When I was young, my father often talked about research the Soviets did with weightlifters using a dynometer which showed a high correlation between grip strength and a lifter's success or failure on the competition platform. Lifters who had poor grip strength prior to an snatch or clean and jerk attempt would very likely miss their attempts and if their grip was strong, they were likely be successful.
Surprising? No. A good grip can be an indicator of many things, including excitability and proper rest - it only makes sense that a competitor, sufficiently rested and psyched up will perform well on a grip strength test and likewise perform well on the platform. However, it can point the way to other things as well, such as the importance of having a strong grip.
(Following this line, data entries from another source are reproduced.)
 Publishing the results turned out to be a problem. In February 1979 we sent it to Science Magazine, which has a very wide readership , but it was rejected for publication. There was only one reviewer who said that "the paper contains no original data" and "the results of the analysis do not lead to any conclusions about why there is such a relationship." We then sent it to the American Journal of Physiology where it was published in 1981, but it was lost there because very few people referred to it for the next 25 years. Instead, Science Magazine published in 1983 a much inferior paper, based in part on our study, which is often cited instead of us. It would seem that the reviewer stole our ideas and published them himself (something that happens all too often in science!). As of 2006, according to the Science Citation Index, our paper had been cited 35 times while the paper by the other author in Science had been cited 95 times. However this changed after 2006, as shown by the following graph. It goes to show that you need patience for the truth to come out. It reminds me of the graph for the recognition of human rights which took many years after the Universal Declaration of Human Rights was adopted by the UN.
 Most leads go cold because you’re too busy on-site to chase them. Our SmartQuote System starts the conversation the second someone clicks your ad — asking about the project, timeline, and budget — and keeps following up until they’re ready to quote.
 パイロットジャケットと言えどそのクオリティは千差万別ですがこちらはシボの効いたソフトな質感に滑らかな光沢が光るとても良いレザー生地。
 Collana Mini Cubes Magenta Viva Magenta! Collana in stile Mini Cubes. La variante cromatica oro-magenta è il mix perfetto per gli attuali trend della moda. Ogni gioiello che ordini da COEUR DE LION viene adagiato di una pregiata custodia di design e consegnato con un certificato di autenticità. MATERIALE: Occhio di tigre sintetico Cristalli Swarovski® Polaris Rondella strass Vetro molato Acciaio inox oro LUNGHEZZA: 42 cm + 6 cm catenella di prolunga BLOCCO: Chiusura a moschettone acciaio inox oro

Jedd Johnson of the Diesel Crew said on the Dr. Squat message boards (many years ago now) something to the effect of "a strong grip = a strong EVERYTHING". I don't know if that's true all the time, but it is certainly true that a weak grip can ruin all kinds of performances that would otherwise be very strong. For example, in the fighting arts, such as wrestling, judo, and jujutsu, NO ONE becomes good with a weak grip and neck. Have you ever heard of a weak-wristed striker? And a strong deadlift does not exist without a grip to match the posterior chain.
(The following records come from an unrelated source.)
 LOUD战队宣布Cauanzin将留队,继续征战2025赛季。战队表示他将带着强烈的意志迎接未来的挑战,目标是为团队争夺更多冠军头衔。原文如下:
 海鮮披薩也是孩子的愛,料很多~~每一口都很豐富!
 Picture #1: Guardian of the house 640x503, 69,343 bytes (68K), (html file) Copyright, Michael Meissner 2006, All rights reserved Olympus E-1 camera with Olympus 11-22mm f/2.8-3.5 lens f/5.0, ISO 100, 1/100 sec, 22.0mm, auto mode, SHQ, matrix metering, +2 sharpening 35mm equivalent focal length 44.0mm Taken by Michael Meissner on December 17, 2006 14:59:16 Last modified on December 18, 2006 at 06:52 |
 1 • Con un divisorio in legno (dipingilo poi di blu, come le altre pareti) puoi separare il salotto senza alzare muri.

A point light figure like in the picture below, immediately highlights many structures that are regularly neglected in training, namely the neck, the wrist and hands, the hips, and the ankles and feet.
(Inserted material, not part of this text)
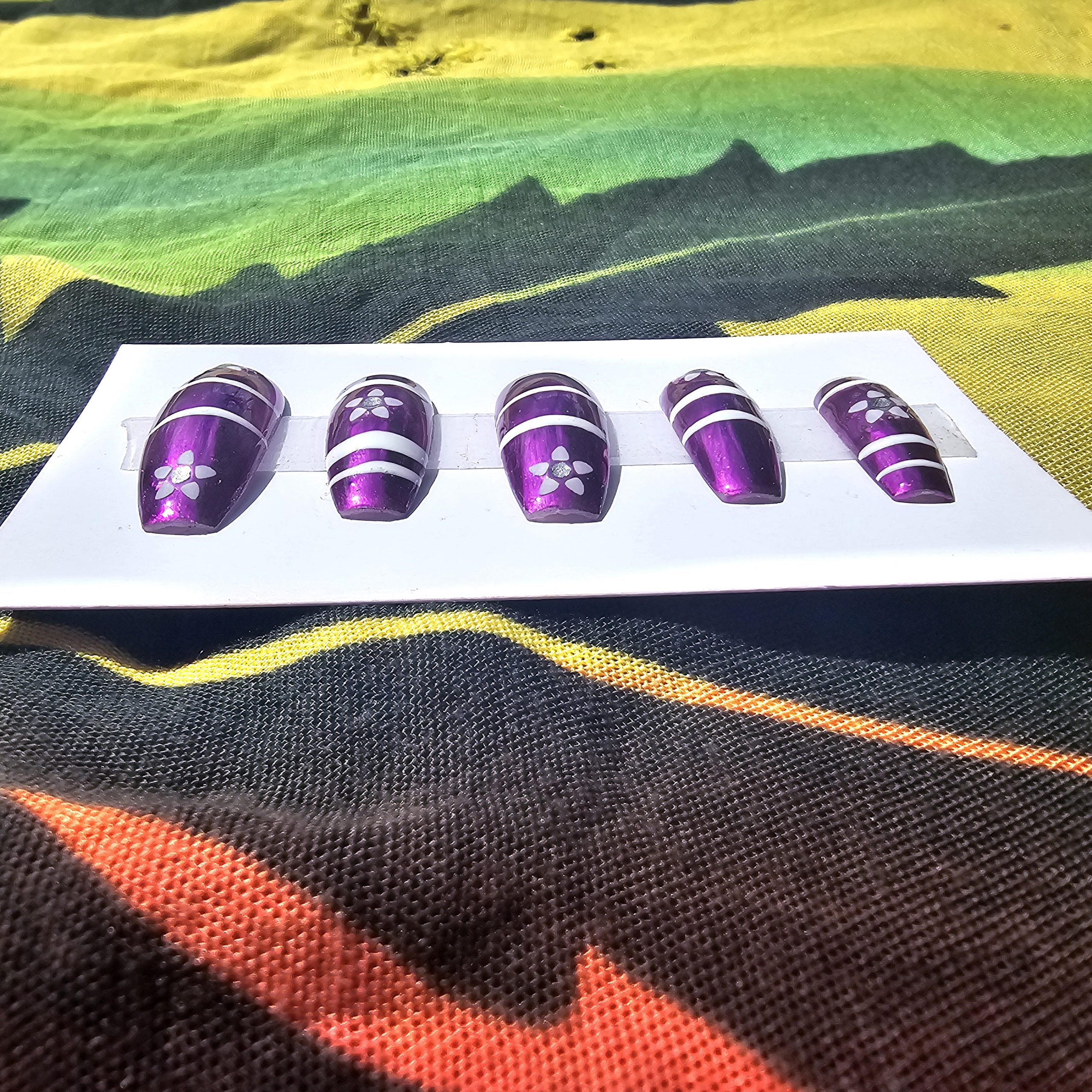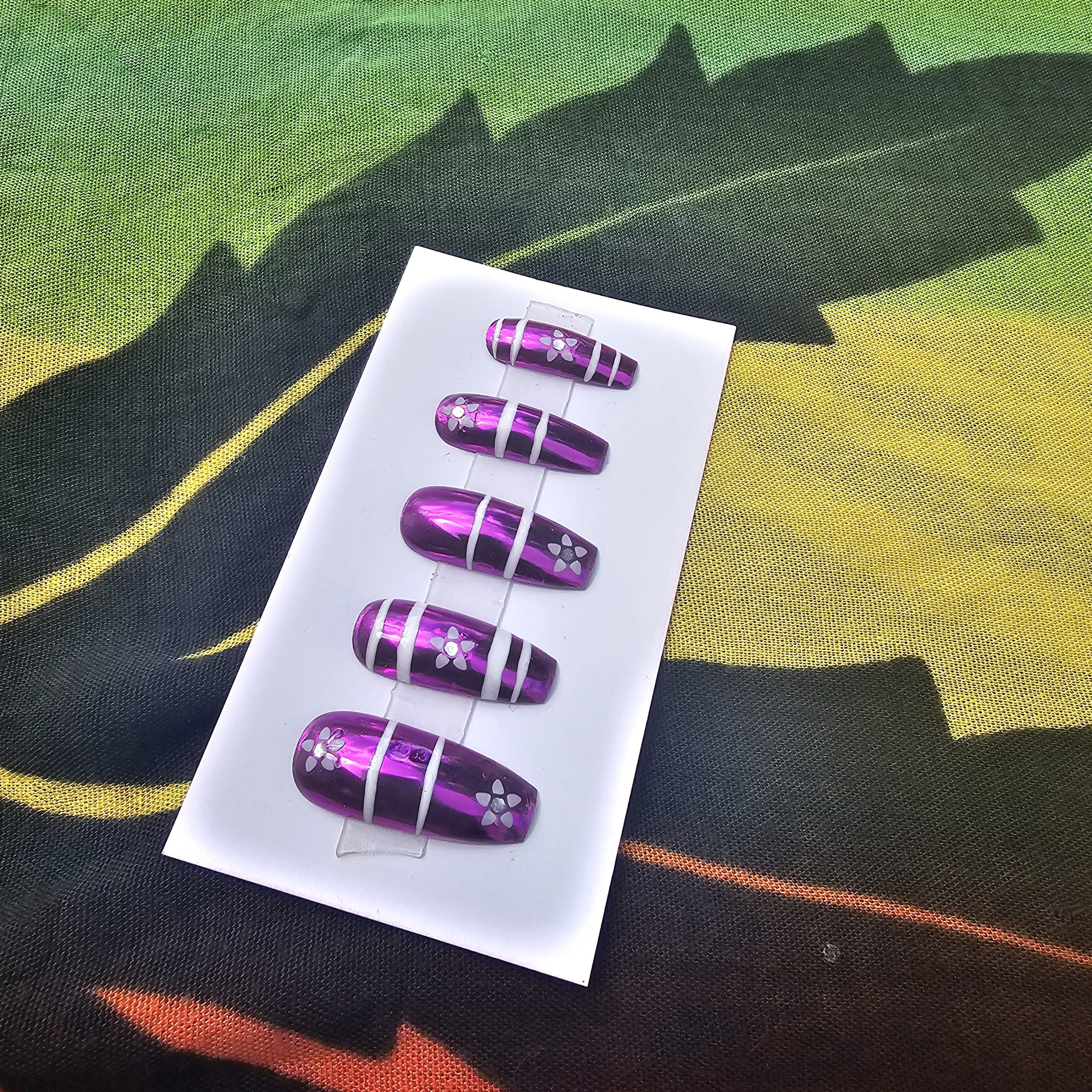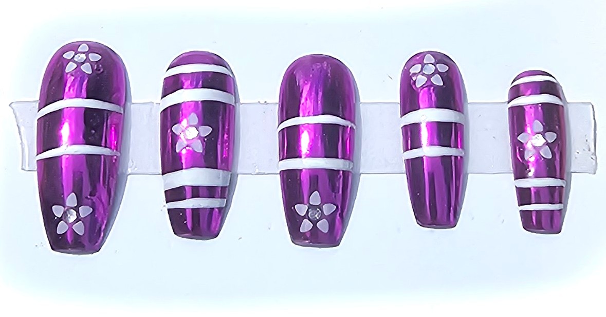 Elevate your nail game with this bold, high-shine chrome set in a stunning metallic purple 💜✨ Designed to turn heads, this look features sleek precision striping paired with delicate floral accents for the perfect balance of edgy and feminine 🌸

Any injury is bad, of course, and everything is interconnected, but we can work around some injured areas more easily than others. All of the areas highlighted above, when injured, can completely incapacitate us. A bad shoulder or hamstring and we can somehow manage, but injure an ankle or dominant hand and we are in a world of hurt.
So what? The bottom line is that if the only exercise a trainee does in the gym for the lower body is set after set of badly performed barbell back squats, then we're leaving a lot to be desired. Power generated from "the core" will not be expressed if dampened by weak and soft end points. The inclusion of exercises that stress and strengthen the extremities (at least on an occasional basis) are an absolute necessity for any program that claims to be "functional". This doesn't mean an additional half dozen isolation exercises - hill sprints and heavier sandbag work will cover most things. But, they need to be included.